• The task: Your answer must be the exact lines below, starting with the line with "업무협약은 해남 법조단지" and going on through the line with "Caneca xadrez preta", both included, with no pictures.

*** Record excerpts ***

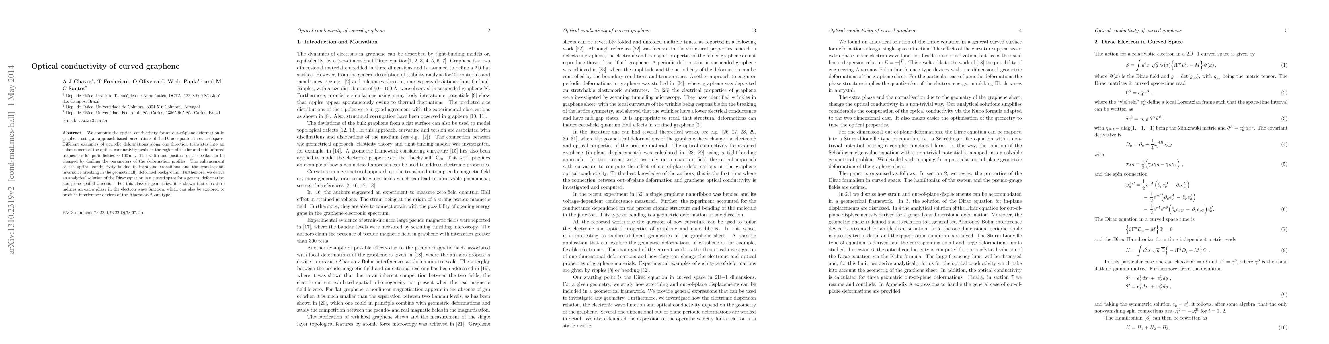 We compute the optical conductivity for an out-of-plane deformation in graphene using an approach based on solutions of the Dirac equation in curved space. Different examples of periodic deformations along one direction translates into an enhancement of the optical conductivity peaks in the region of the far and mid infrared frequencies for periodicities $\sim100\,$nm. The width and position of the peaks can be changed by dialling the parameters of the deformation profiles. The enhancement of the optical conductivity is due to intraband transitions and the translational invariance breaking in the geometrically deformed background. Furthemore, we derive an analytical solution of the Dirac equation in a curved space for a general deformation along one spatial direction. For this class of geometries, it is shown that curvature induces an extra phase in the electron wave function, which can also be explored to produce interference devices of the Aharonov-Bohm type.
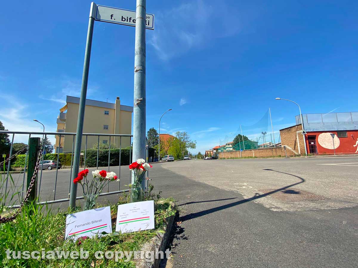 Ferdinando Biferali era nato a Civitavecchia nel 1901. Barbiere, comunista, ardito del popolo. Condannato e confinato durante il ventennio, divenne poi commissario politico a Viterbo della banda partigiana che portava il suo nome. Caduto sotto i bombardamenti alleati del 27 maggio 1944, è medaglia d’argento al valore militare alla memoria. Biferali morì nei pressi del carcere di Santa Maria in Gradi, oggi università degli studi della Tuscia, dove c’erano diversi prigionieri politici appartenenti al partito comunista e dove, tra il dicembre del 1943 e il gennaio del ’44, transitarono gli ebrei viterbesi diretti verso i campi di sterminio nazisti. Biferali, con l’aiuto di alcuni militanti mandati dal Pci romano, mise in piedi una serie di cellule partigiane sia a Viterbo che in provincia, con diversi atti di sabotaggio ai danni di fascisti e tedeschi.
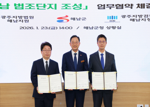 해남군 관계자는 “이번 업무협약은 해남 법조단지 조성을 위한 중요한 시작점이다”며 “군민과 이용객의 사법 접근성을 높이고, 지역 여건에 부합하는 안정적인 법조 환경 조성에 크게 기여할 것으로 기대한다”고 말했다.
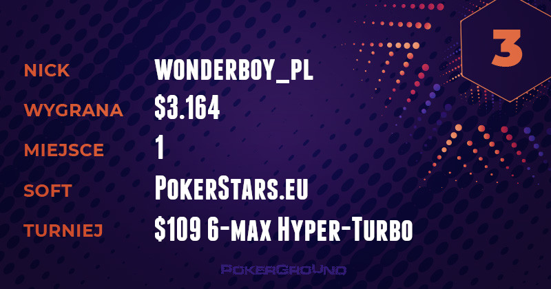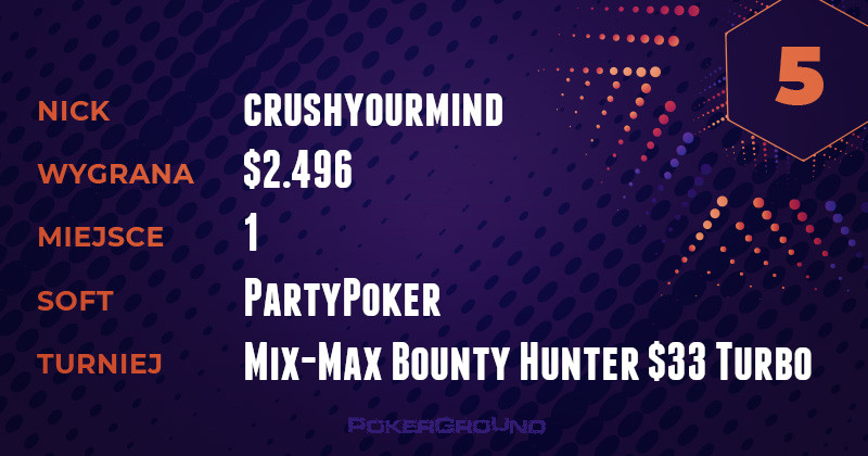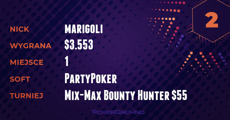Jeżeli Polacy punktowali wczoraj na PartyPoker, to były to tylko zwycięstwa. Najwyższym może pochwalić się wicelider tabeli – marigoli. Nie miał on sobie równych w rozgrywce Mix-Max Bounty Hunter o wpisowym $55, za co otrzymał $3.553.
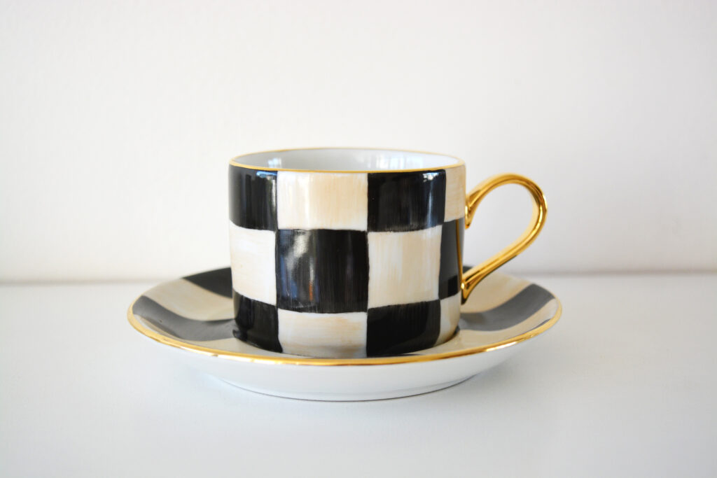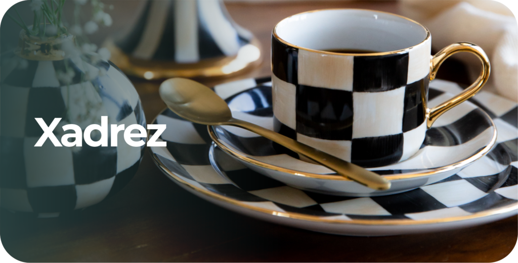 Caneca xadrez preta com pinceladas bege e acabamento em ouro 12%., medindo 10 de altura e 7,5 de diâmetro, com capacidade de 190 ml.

***
*** Record excerpts ***

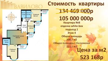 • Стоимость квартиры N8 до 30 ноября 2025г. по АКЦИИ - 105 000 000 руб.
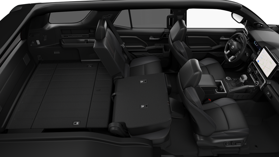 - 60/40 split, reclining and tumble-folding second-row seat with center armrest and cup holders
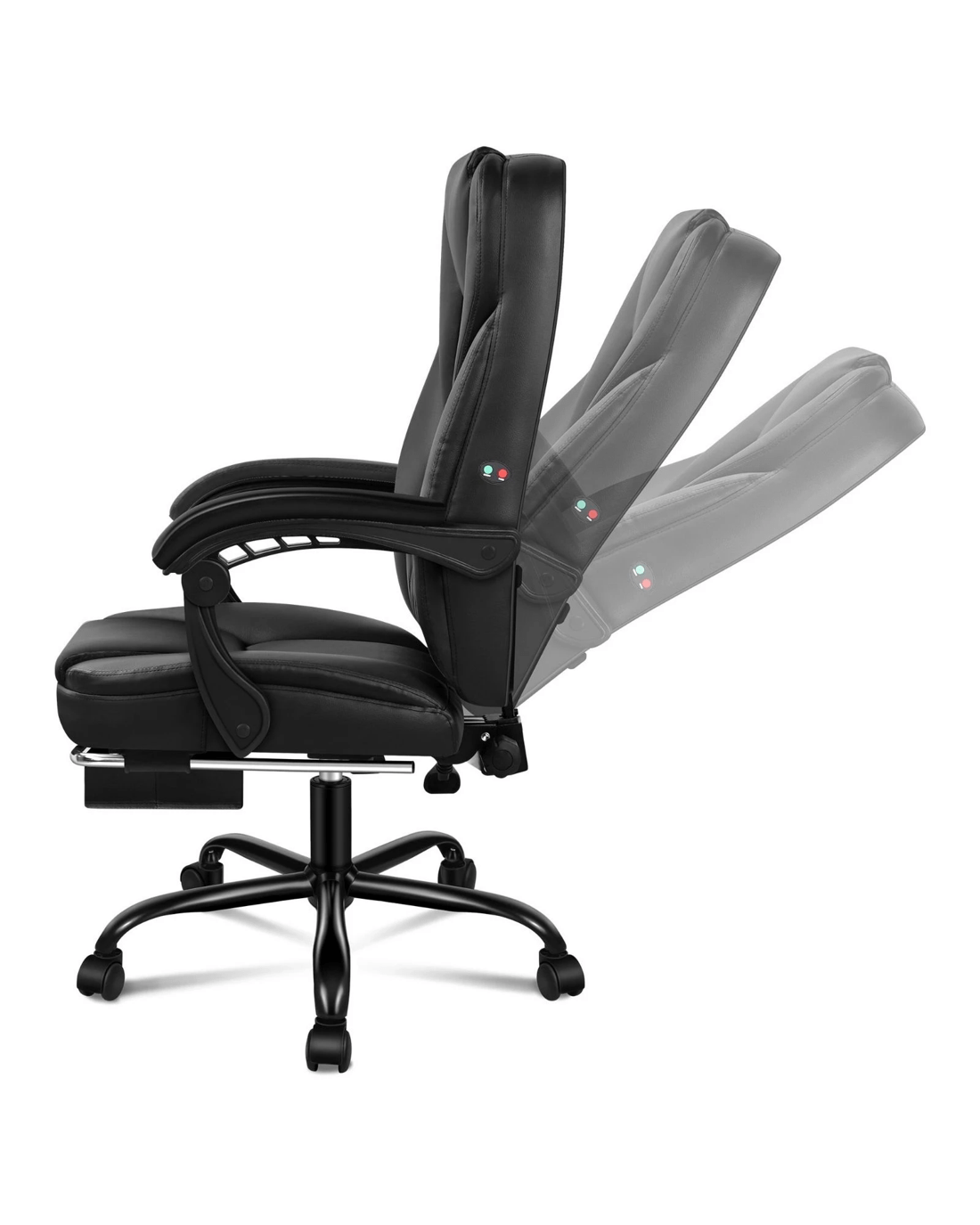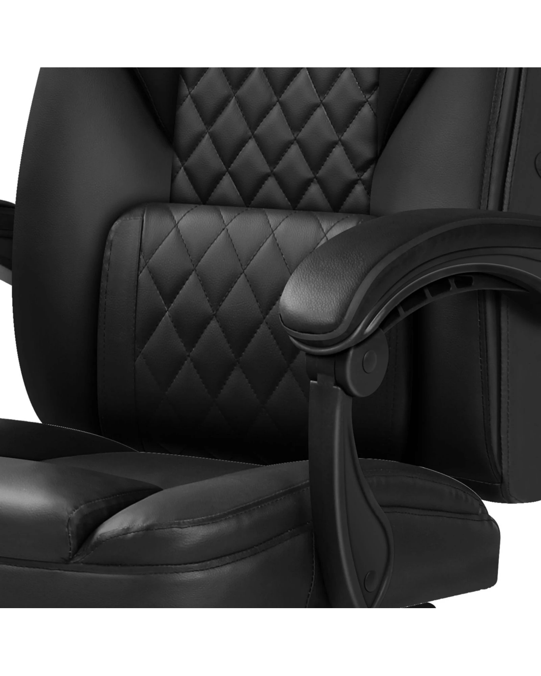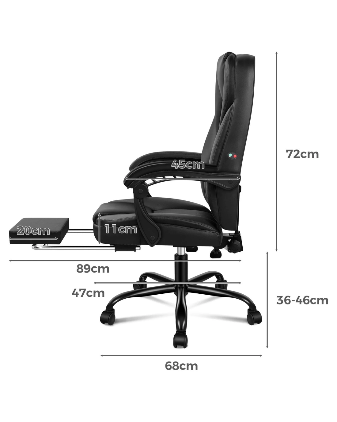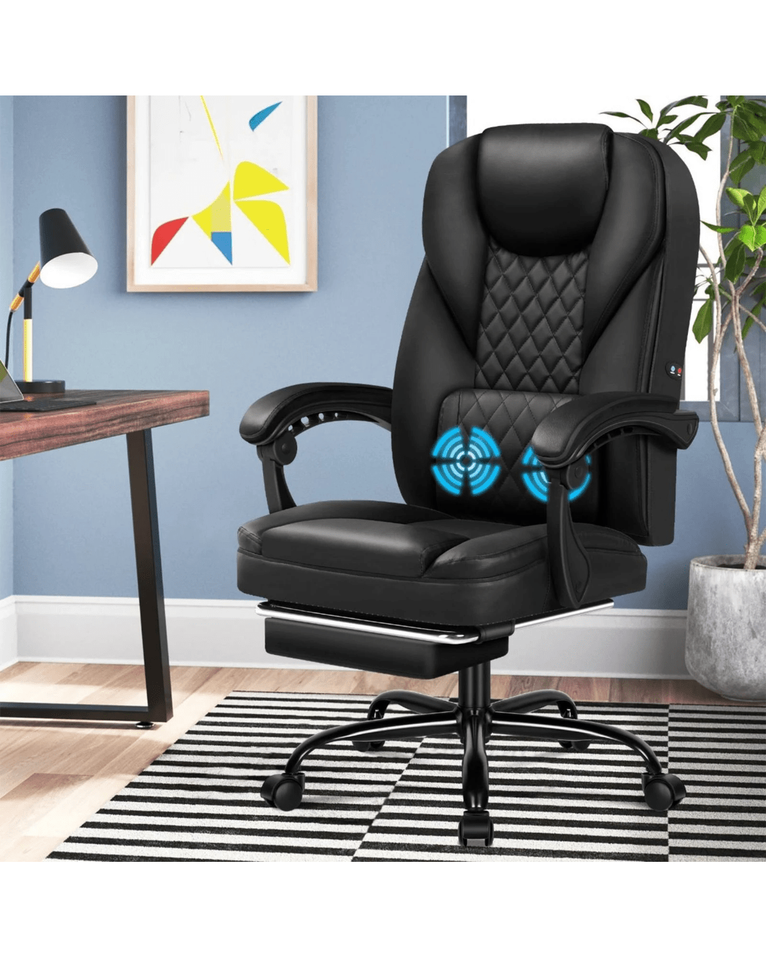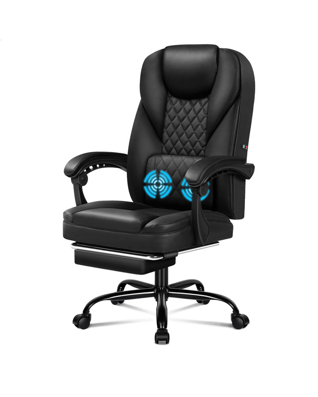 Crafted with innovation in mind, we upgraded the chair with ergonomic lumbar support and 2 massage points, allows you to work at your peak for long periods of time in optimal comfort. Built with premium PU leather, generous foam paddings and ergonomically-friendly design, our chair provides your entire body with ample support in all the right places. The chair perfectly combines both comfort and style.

***
*** Record excerpts ***

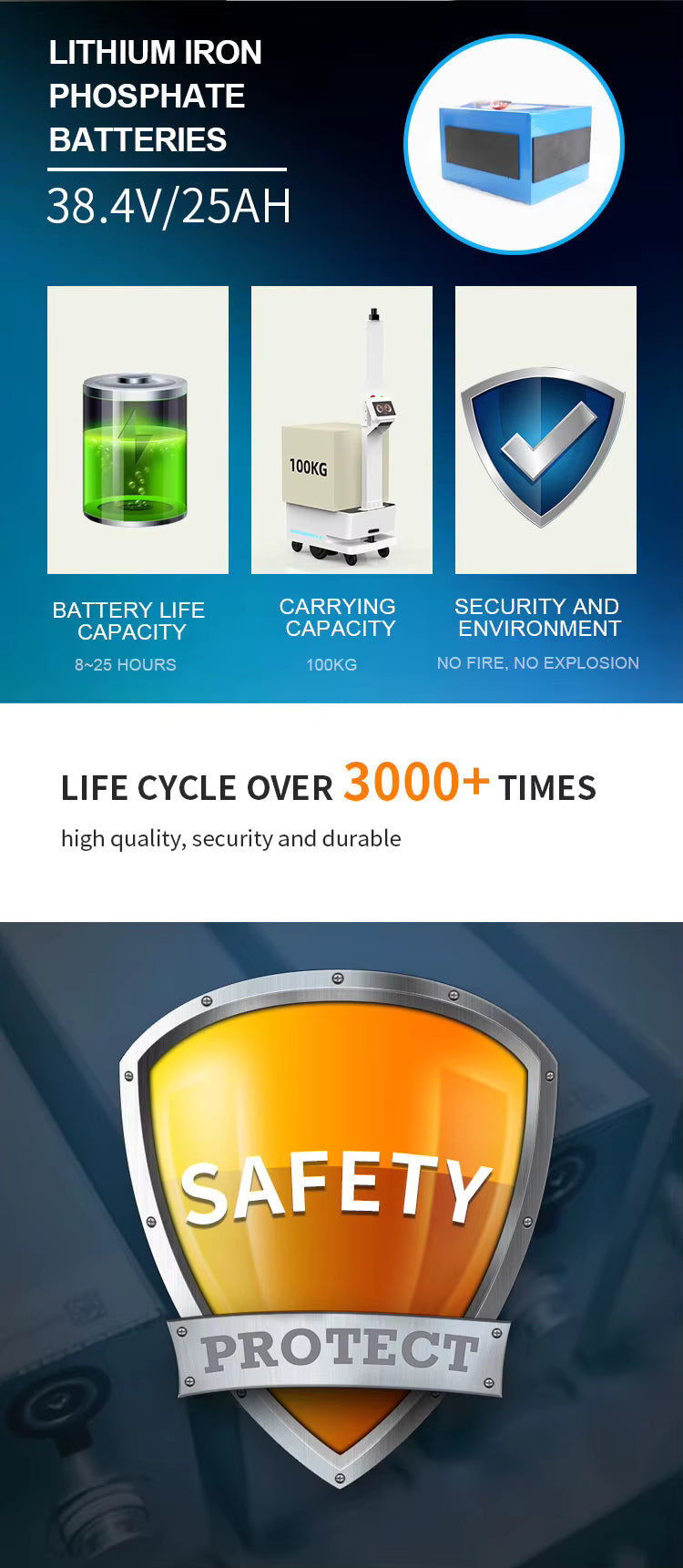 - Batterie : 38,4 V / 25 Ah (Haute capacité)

***

• Reply to the exercise:
 해남군 관계자는 “이번 업무협약은 해남 법조단지 조성을 위한 중요한 시작점이다”며 “군민과 이용객의 사법 접근성을 높이고, 지역 여건에 부합하는 안정적인 법조 환경 조성에 크게 기여할 것으로 기대한다”고 말했다.
Jeżeli Polacy punktowali wczoraj na PartyPoker, to były to tylko zwycięstwa. Najwyższym może pochwalić się wicelider tabeli – marigoli. Nie miał on sobie równych w rozgrywce Mix-Max Bounty Hunter o wpisowym $55, za co otrzymał $3.553.
 Caneca xadrez preta com pinceladas bege e acabamento em ouro 12%., medindo 10 de altura e 7,5 de diâmetro, com capacidade de 190 ml.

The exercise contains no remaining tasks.